The performance of thermoelectric exhaust heat recovery system considering different heat source’s fin arrangements

The IC engine converts the chemical energy of the fuels into the mechanic energy with the efficiency is around 35-40% depends on the type and operation condition of the engines. It means around 60-65% of the energy is wasted mostly in the form of heat (dissipated through the cooling process and exhaust gas) and friction. A thermoelectric exhaust heat recovery system can be used to harvest the waste heat which potentially could increase the efficiency of the IC engine indirectly.

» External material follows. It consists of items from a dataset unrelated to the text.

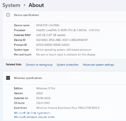 Processor: Intel(R) Core(TM) i5-4590 CPU @ 3.30GHz 3.30 GHz RAM: 4.00 GB System type: 64-bit operating system, x64-based processor Version: 23H2 SSD: 256gb_ T253T1240G0C101 Monitor: Starex (IPS19") Warranty Available 6 Months Keyboard: A4Tech Mouse: A4Tech UPS: KSTAR (Double Battery) আগ্রহীরা মেসেজ করতে পারেন। ঠিকানাঃ ঝুটিতলা মোড়, কাটিয়া, সাতক্ষীরা সদর, সাতক্ষীরা।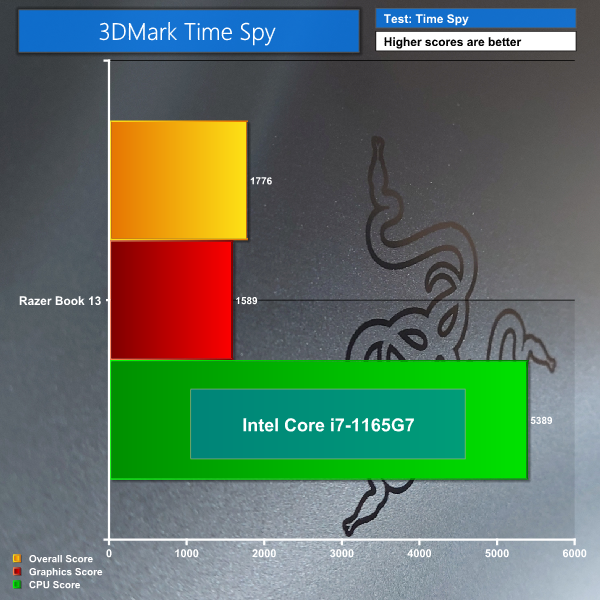 Looking at the graphics capability from the Intel® Iris® Xe Graphics we ran 3DMark Time Spy and the results were as expected. Despite not being a gaming laptop, I wanted to test how it would handle some 1080p gaming nonetheless.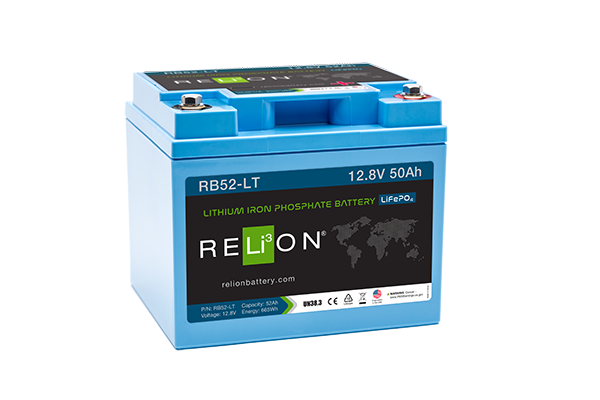 #html-body [data-pb-style=CDV1XVU]{justify-content:flex-start;display:flex;flex-direction:column;background-position:left top;background-size:cover;background-repeat:no-repeat;background-attachment:scroll}The RB52-LT is a 12V 52Ah lithium battery and is part of RELiON’s Low-Temperature Series. This compact and powerful lithium iron phosphate battery is specially designed for cold-weather performance. RELiON’s LT Series batteries can safely charge at temperatures down to -20°C (-4°F) using a standard charger. The system features proprietary technology which draws power from the charger itself, uniformly heating the cells within the battery to 41°F (5°C), so that it can be charged at its full recommended current. LT batteries require no additional components such as heating blankets.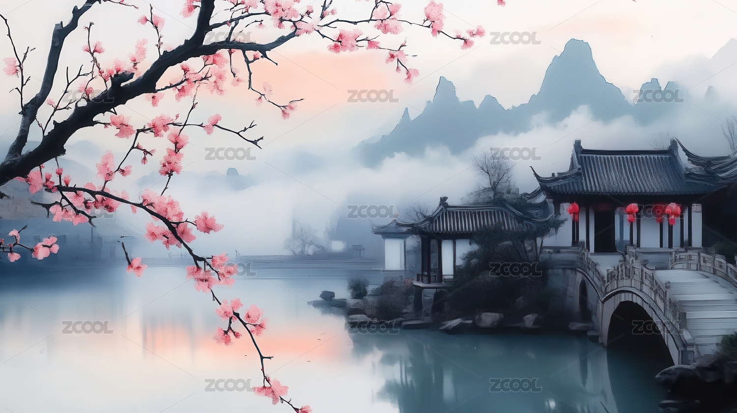 江南水乡水墨画图案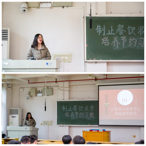 下午2时,三个团支部在世纪楼A404教室开展了室内活动。为了加深同学们对“制止餐饮浪费,培养节约习惯”主题的了解,本次活动邀请了我院分团委书记闵迪作为特别嘉宾参加。闵老师首先讲述了历史上勤俭节约的名人小故事,并结合新冠疫情防控、国际贸易形势等时事深刻阐述了“粮食安全、始终把饭碗端在自己手上”的重要性,告诫同学们“要牢记历史,在吃饭问题上不能得健忘症,不能好了伤疤忘了疼。”学生们纷纷表示,要从自身做起,杜绝餐桌上的浪费,让勤俭节约体现在自己的一言一行、一举一动,让“厉行节约、反对浪费”成为校园新风尚。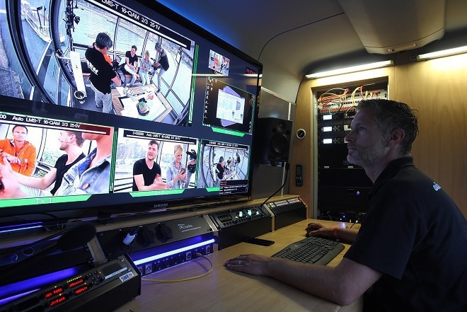 Für eine stabile Funkverbindung installierte HDwireless Antennen innerhalb der Seilbahn sowie auf dem 12 Meter hohen Antennenmast seiner mobilen Produktionseinheit RF1. Patrick Nußbaum, HDwireless Geschäftsführer, erklärt: „Alle Signale dieser Live-Sendung waren drahtlos. Unser Kunde musste sich somit zu hundert Prozent auf unsere Funkqualität verlassen können. Die einwandfreien Signale aus unserer Übertragungstechnik übernahm der Kunde via Glasfaserkabel am Übergabepunkt. Diese Produktion in der Gondel ist ein schönes Beispiel für die individuelle und erfolgreiche technische Umsetzung eines außergewöhnlichen Aufnahmekonzeptes.“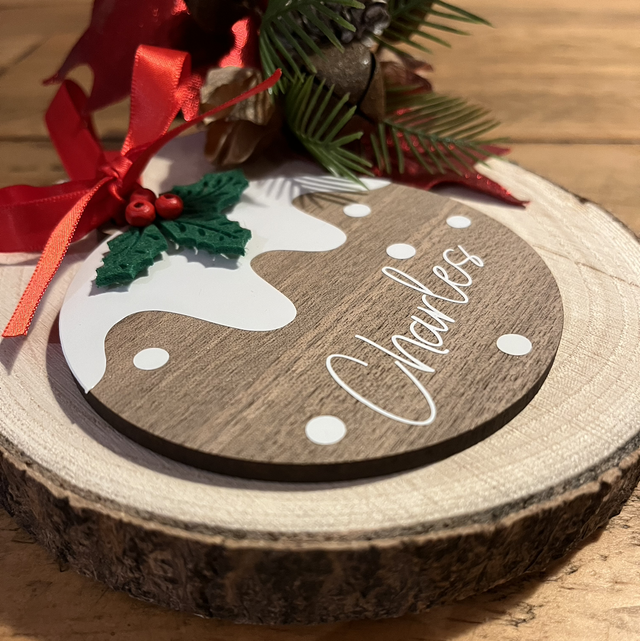 Finished with a cute felt embellishment and ribbon to hang on your tree.
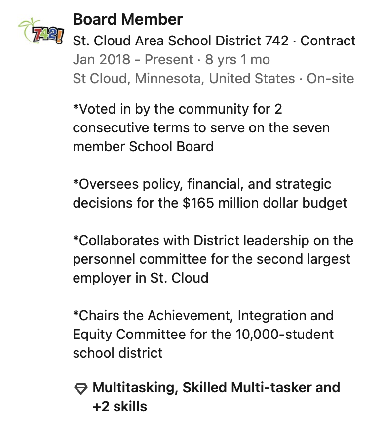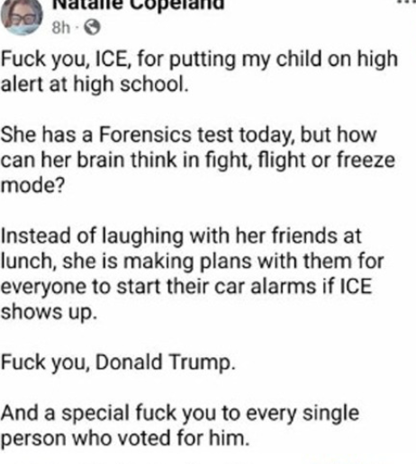 An elected board member to St. Cloud Area School District 742 in 2018–allegedly posted to her personal Facebook page, “Fuck you, ICE, for putting my child on high alert at high school…Instead of laughing with her friends at lunch, she is making plans with them for everyone to start their car alarms if ICE shows up. Fuck you, Donald Trump. And a special fuck you to every single person who voted for him.”

In this experimental study, the heat recovery system consists of a rectangular duct in which sixteen thermoelectric modules are attached to its sides (each side consist of four thermoelectric modules). The aluminium fins are mounted at the cold sides of thermoelectric modules (at the outer sides of the rectangular duct) and cooled by air supplied by computer fan coolers. To harvest the exhaust heat of the IC engine, the heat recovery system is connected to the exhaust pipe. The effect of aluminium fin arrangements, mounted on the inner surfaces of the rectangular duct of the heat recovery device, is investigated. The arrangements include mounting of the fins at the lateral sides, top and down sides, and the whole sides of the heat recovery device. Besides, the effect of the absence of the fins at the exhaust gas passage of the heat recovery device is examined. The performance of the heat recovery system is studied when the engine operates under the no-load condition at rotational speeds of 1300, 1600, 1900 and 2200 RPM. The experimental result reveals that the voltage and current generated by the thermoelectric exhaust gas recovery system increase in line with the increase of engine speed. In addition, it is found that the highest voltage and current are generated by the whole side fin arrangement, namely 12,52V and 122 mA respectively, at an engine speed of 2200 RPM. It is observed that the finless arrangement generates the lowest voltage and current among others, namely 5.36 V and 20.43 mA.